401 / Invalid SCIM bearer token Wrong token, inactive client, or typo Re-run section 3.1; confirm status = 'active'; use Authorization: Bearer scim_… with no extra quotes.
400 invalidFilter Unsupported filter Floh supports equality filters only (userName eq "…", etc.); see Filters.
User created in Floh but cannot log in SCIM user not confirmed User must sign in via OIDC (section 2) with the same email as userName.
User has no admin permissions SCIM does not grant RBAC Add user to Okta groups that map to OIDC_ROLE_ADMIN (or other roles), not only SCIM-assigned app groups.
409 uniqueness Email or externalId conflict Another SCIM client or user already owns the identity; see integration tests / identity policy.
Okta provisioning log shows 415 or parse errors Content-Type Floh accepts application/scim+json (Okta’s default).
Profile update does not deactivate Wrong PATCH op Floh supports replace on active; unsupported ops return 400 without changing the user.

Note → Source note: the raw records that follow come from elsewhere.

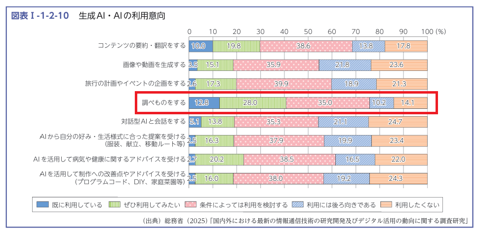 LLMOという概念が生まれた背景には、生成AIの爆発的な普及と、それに伴うユーザーの検索行動の変化があります。総務省の情報通信白書(令和7年版)によれば、情報収集手段にAIを利用することに対して、約8割が前向きであるという結果が出ています。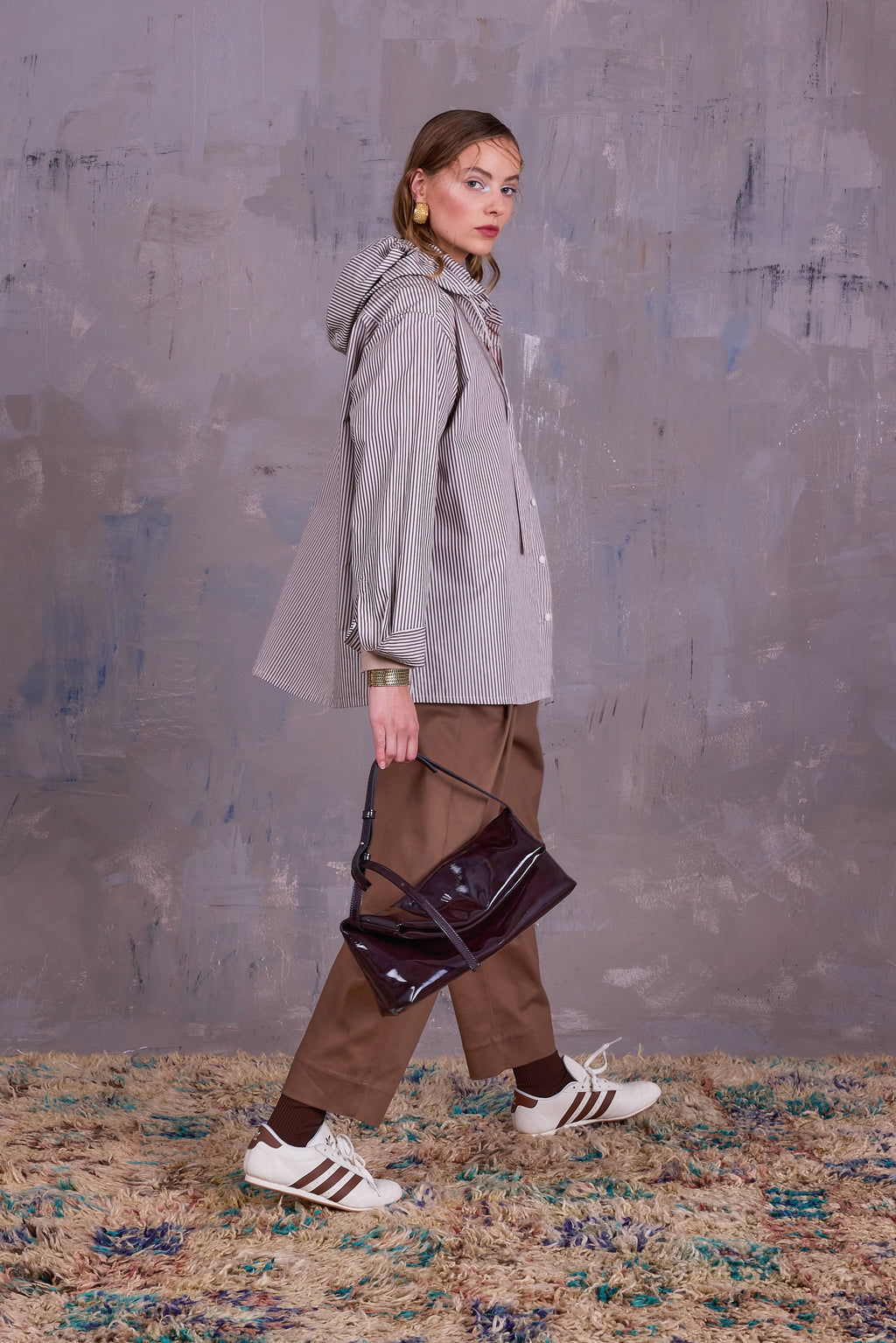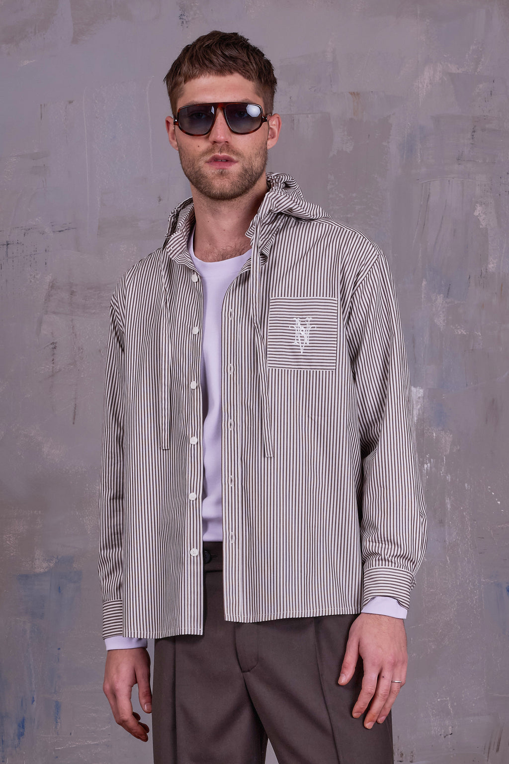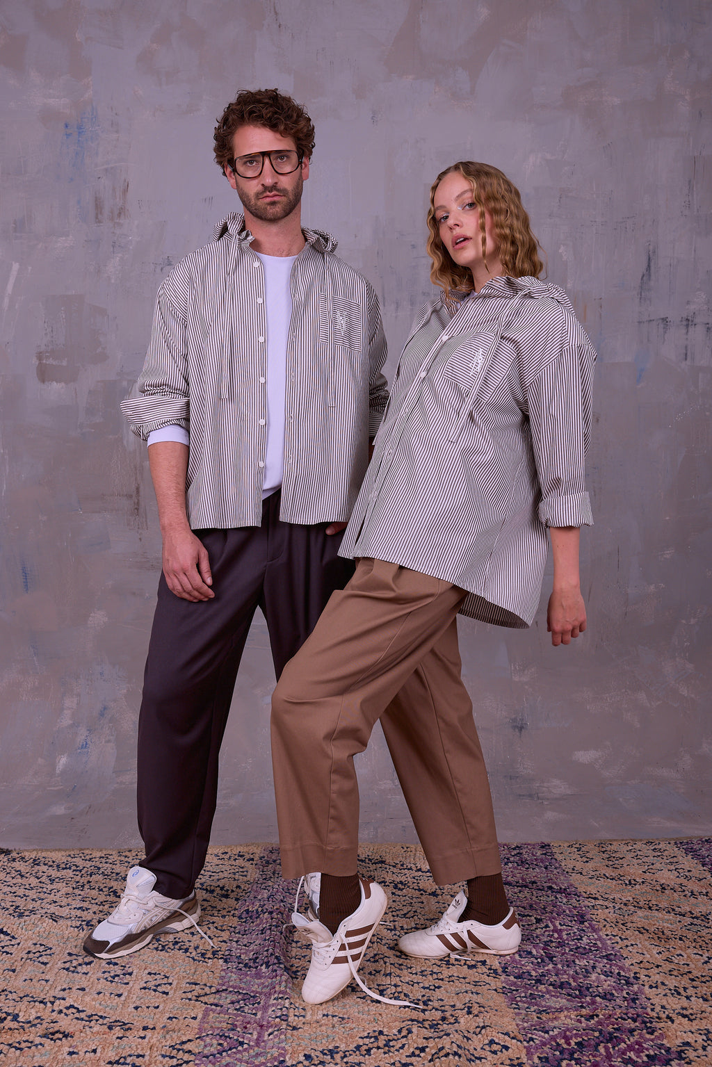 Gonzola is niet het zoveelste hemd in een dozijn. Met zijn uniseks, losse pasvorm en kenmerkende kap onderscheidt het zich qua pasvorm, maar ook de stof is bijzonder. Het is gemaakt van vintage cotton stripes, een katoenen stof met preppy cool allures, die nog meer versterkt worden door het zwierige geborduurde NV-embleem op de borstzak.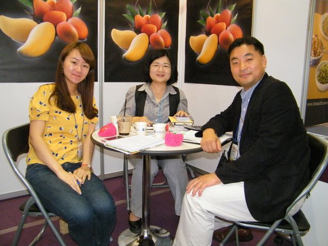 Ms.Kacy Choi (left) and Mr. June Choi, managing director of Soo Il Commerce Inc.(Korea) together with Ms.Irene Lu of Chang Lung Agriculture- Taiwan

Logs: check Floh server logs for Unexpected SCIM route failure on 5xx. Do not log bearer tokens.

CSRF: SCIM routes skip CSRF when the request uses Authorization: Bearer … only; Okta does not need Floh CSRF cookies.


7. Production notes

  • Use a stable public Floh URL and TLS for the SCIM base URL.
  • Issue a dedicated scim_client per Okta org (or environment); rotate by creating a new token, updating Okta, then deactivating the old client.
  • Keep OIDC and SCIM apps in sync on email / userName conventions across environments.
  • Document Okta change windows; full reconciliations can update many users and groups at once.